Mathematical modeling & Me

This semester I have been working on modifying a published model for Chip's class. What does that mean? Basically, I'm taking a generalized model and adding/removing/adjusting the parameters to make the model fit the plant system we're working on. The system is one in which the other person I'm working with will do her research. I'm not as invested in this project as I am in the other things I have going on this semester, but I find the process of developing this model both useful and fascinating.

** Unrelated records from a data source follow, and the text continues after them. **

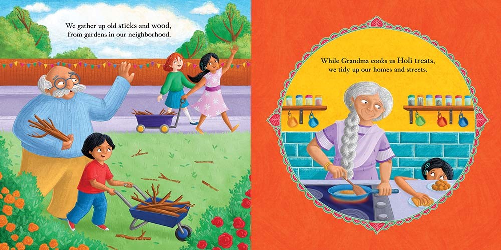Swirling clouds of color. Sweet gujiya dumplings. Singing and dancing in the street. During this special time of year, friends and family come together to celebrate the arrival of spring and the triumph of goodness and love over evil. Young readers will love following two siblings as they enjoy all the wonderful traditions and treats Holi has to offer—baking and bonfires, stories and sweets and, of course, a wild day of fun where people shower one another in brightly colored powders!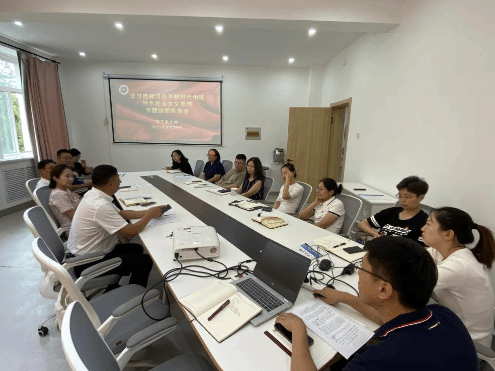 8月25日下午,在1号教学楼心理中心会议室,学工党支部召开学习贯彻习近平新时代中国特色社会主义思想主题教育专题组织生活会。支部书记于迪主持会议,支部全体党员参加会议。
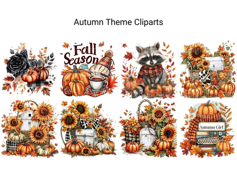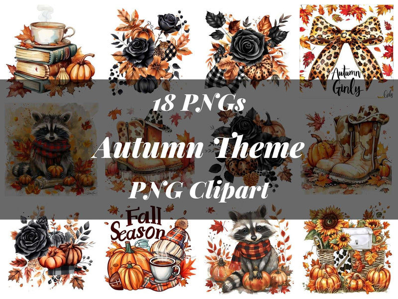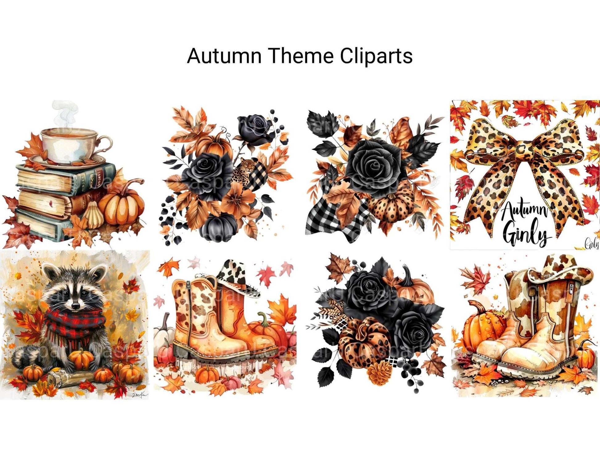 Celebrate the season with this Autumn Theme Clipart set, featuring warm fall elements, perfect for cozy seasonal designs.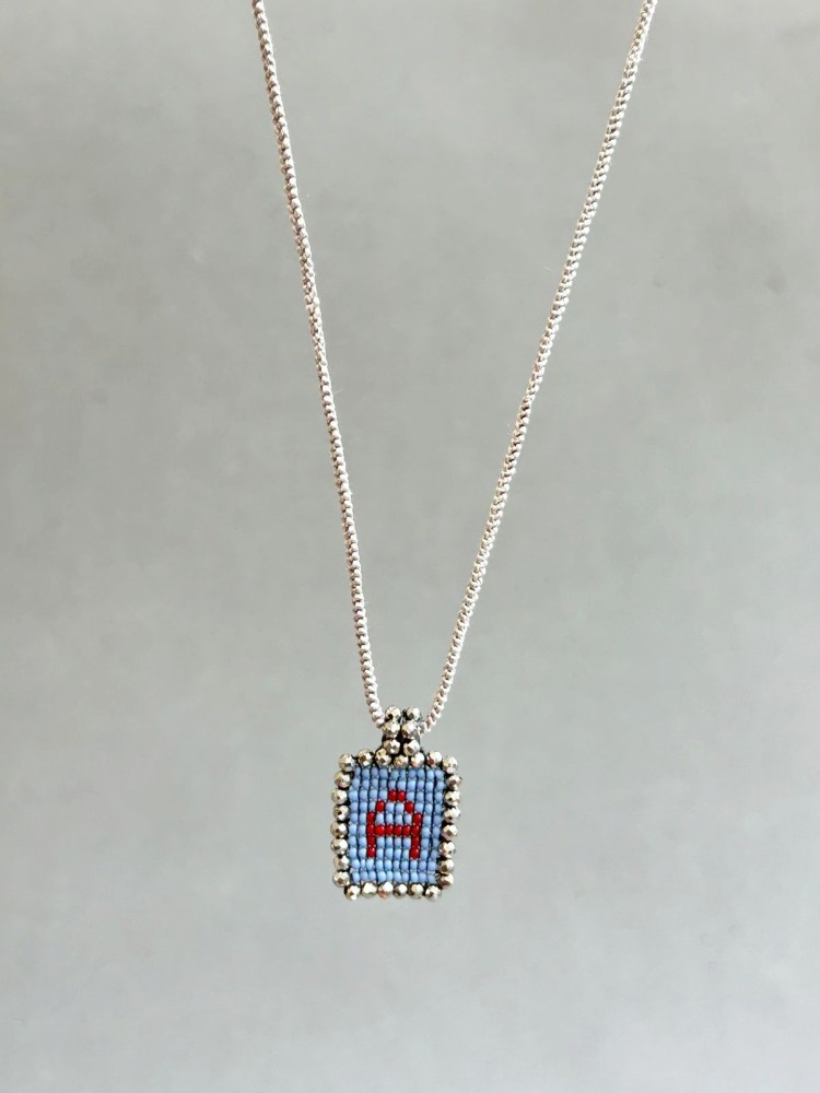 Murano square with the letter "A" or with the letter "M" around it has faceted pyrites and is on a gray silk necklace.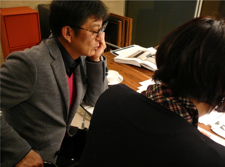 前回の打ち合わせから、宅配便や深夜の篠田実弾便を使って何度かやりとりを重ねたGSのプロジェクト。校正戻りのミーティングをGS銀座で行いました。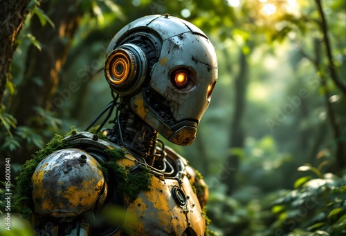 robot, android, cyborg, science fiction, futuristic, mechanical, forest, nature, technology, artificial, intelligence, machine, automaton, metallic, green, orange, rustic, wood, environmental, fantasy, science, fiction, future, tech, machinery, robotic, computerized, electronic, android, automated, ai, vegetation, jungle, foliage, innovative, digital, synthetic, industrial, advanced, engineered, mechanism, wilderness, outdoors, ecosystem, biotechnology, interface, circuit, processor, computing

Today we had another meeting with Chip to discuss the progress. We're making baby steps in the right direction. We're just about to analyze its stability in the most simple form. Then we can add more species and parameters. Chip has been walking us through the process and clearly describing what we need to do at each step. I really appreciate this because my grasp of the concepts and tools is a bit tenuous. The ease with which Chip understands, develops, and analyzes models is fascinating and still somewhat mysterious to me. When we sit in those meetings with him, though, I am so amazed at how much I've learned in the past year, so I'd like to describe my evolving relationship with calculus.

While I was applying to grad school, I rediscovered why they always emphasize in school that calculus is critical for science- not even ecologists are outside the applications of calculus (I know now that they're right in the thick of it!). One of my weaknesses was (is) math. Many of the people I was interested in working with do a fair amount of ecological modeling of which I had basically zero experience and a very limited understanding. Although part of me just wanted to ignore the deficit and try to get around without it, I knew that it would be in my best interest to put mathphobia aside and work on my weakness.

The opportunity to do just that appeared when a friend told me about EcoMath Camp. I applied, was accepted (did they actually see my B- in calc I?), and found myself to be a small fish in a not-so-big pond of much larger, albeit friendly, fish. It was incredibly challenging for me since my one semester of calculus was so many years ago, but I was able to learn a tremendous amount at my level. EcoMath Camp gave me the confidence to take and survive Chip's population ecology class last fall. Chip's encouragement of relatively mathematically-deficient students like myself combined with his incredible teaching style are why I am in his game theory class this semester.

I'm proud of myself for being able to understand and develop my own model, because this is something I could not have imagined a year ago. I usually know which questions to ask now which is a huge step in the right direction. But, I feel like my comprehension of the 'big picture' is ahead of my mathematical tool kit to actually create the big picture. Today I wrestled for an hour with a derivative that took Chip 3 minutes. I know, he has decades more experience with this, but still.

I think my insecurity with calculus goes way back to 7th grade. My mom (hi mom) has worked in elementary and middle school math education for my entire life. In 4th grade I spent a short time in the accelerated math class but went back to the regular one out of frustration with long division. I did well in the regular math class until junior high. My mom thought it would be good for me to take Geometry in 8th grade, and that I could do Algebra I over the summer at home with her help. Well, I vaguely remember reading about parabolas in the back yard that summer but I didn't do anywhere near as much work as I would've for a normal class.

[Mom- I don't want you to think I blame you for my math insecurity-not at all. A whole combination of factors in high school made my math experience worse when it had the potential to be much better. You have always encouraged me in math and I would not have been accepted to EcoMath Camp if you hadn't helped me improve my essay, so you have been a great positive role model. I also think I'm good at spatial reasoning thanks to those base 10 blocks.]

My shaky foundation in Algebra I became apparent during Algebra II in my freshman year of HS. I had the heaviest possible course load and a flighty teacher who put me to sleep every afternoon (my first case of classroom narcolepsy). I struggled with the quadratic formula and dropped from the honors math track to the regular math track in the middle of the year. I stayed in the regular track so I was 1-2 years younger than most of the students in those classes. I took AP Statistics my junior year and didn't take math at all my senior year. I took one semester of calculus in college, in which I got a B- thanks to help from Jon. Then I spent the next few years hardly thinking about calculus, until I landed back in a classroom last summer with a room full of mathematically gifted undergrads.

So why did I just tell you a brief history of my relationship with math? I'm not exceptionally mathematically talented and I may never be able to do complicated derivatives in 3 minutes, but I am willing to try. You should be too. Especially if it's not your strength, pursue it. Find a great teacher, friend, or tutor, and look for ways that the tools can be applied to ecological problems. Applications are the glue that make the math stick instead of abstractly floating around in your brain without an anchor. I want to encourage everyone who is considering a degree in ecology to take more math. Don't be mathphobic! You can do it, and you will use it.